Not everyone can comfortably speak or perform in front of a lot of people. For some, it can even be a frightening experience which is to be avoided at all costs. Performance anxiety, also known as a stage fright, is characterized by an intense anxiety and paranoia that occurs before, during, and after a performance.
Even professional and experienced speakers can suffer from anxiety including business speakers and motivational speakers. Some find it easier to remain calm even when they are stressed however most of us will fall into a state of panic as we think about the negative aspects of public speaking.
The fear that people feel before a performance may rely on the context of the speaking role. The size of the audience, being alone on stage, the importance of the evaluation; all these factors can change the level of anxiety experienced by the speaker. The larger the number of people watching you, the more nervous you may become. During interviews, the interviewees tend to get more nervous with the general manager than the secretary.
Anxiety And Its Manifestations.
1. Commonly experienced by most people is intense, but transient anxious, fluttery sensations, that typically precede a performance, but disappear shortly after the performance begins. This built up energy can make performers better.
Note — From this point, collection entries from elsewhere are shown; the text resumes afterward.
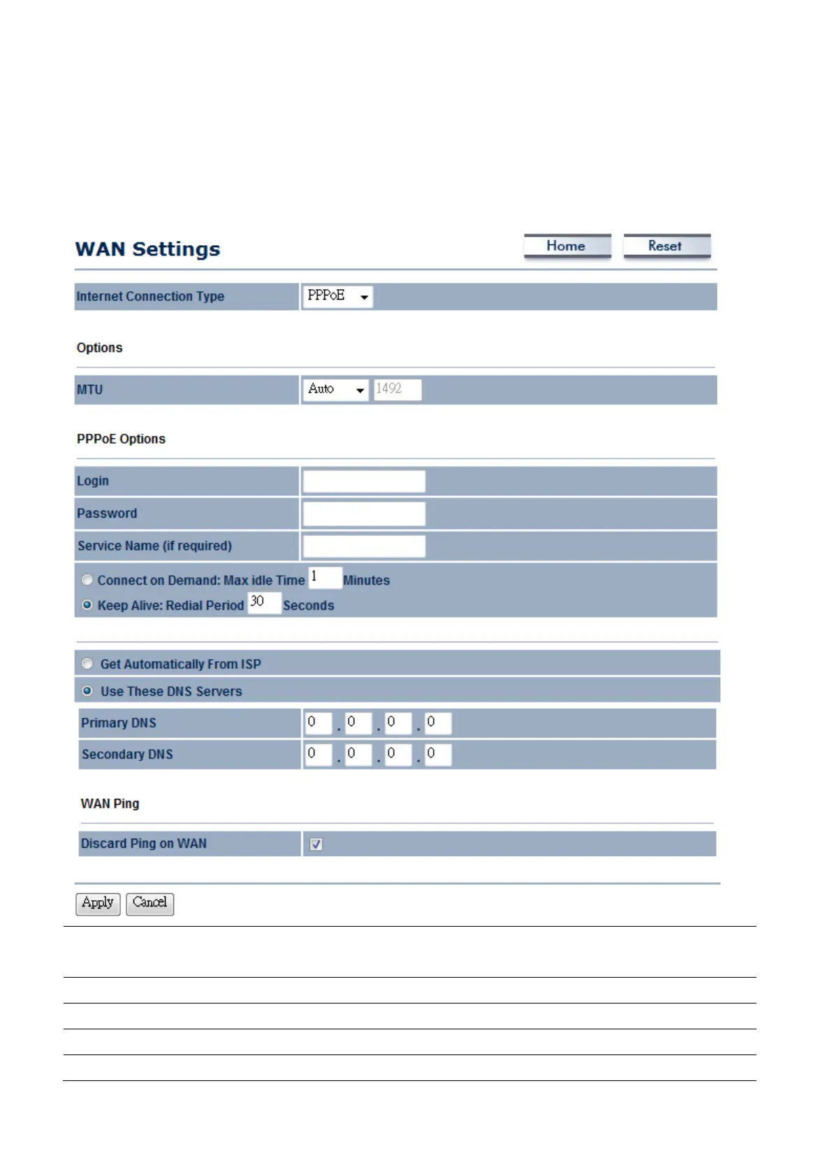 Select PPPoE as your WAN connection type if your ISP provides Username and Password.
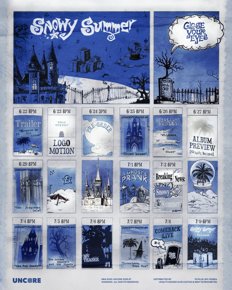 소속사 언코어는 6월 21일~22일 양일간 공식 SNS를 통해 미니 2집 '스노이 서머(Snowy Summer)'의 커밍순 포스터, 프로모션 스케줄러, 트레일러 영상을 공개하며 클로즈 유어 아이즈의 컴백 소식을 알렸다.
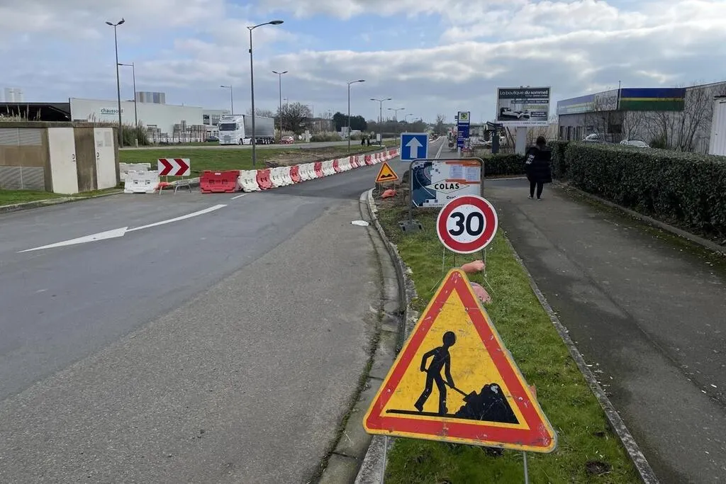 La rue Saint-Laurent va rester en travaux jusqu’en mars 2025 à la sortie de Sablé-sur-Sarthe, en direction de La Flèche. © Ouest-France
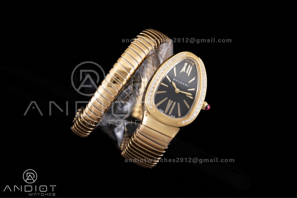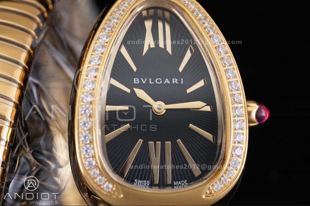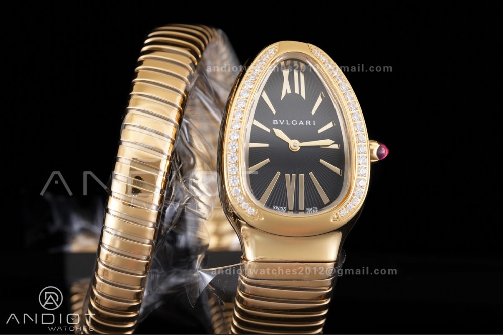 Serpenti 35mm Diamonds Bezel YG BVF 1:1 Best Edition Black Dial on YG Bracelet Ronda Quartz

2. Reactive anxiety is something which happens when the speaker or performer is not prepared enough or they do not have any public speaking skills. With more and more events and public speaking this type of anxiety should go away. Business speakers get better in this way.
3. The hallmark of performance anxiety is usually associated with signs of physical and emotional discomfort such as sweating, shaking, voice quivering, rapid heart beating, feelings of fear, and panic. What causes the speaker’s anxiety is the belief that he or she is being negatively evaluated.
Positive thinking is a way that the anxiety can be alleviated as they no longer think their performance will be bad. A performer can learn to overcome the triggers of anxiety by accepting fear, breathing calmly and practising in front of people as much as possible. You may discover that fear still remains, but you notice that you can handle it, as you are beginning to get the sense of enjoyment from your performance and from connecting with others.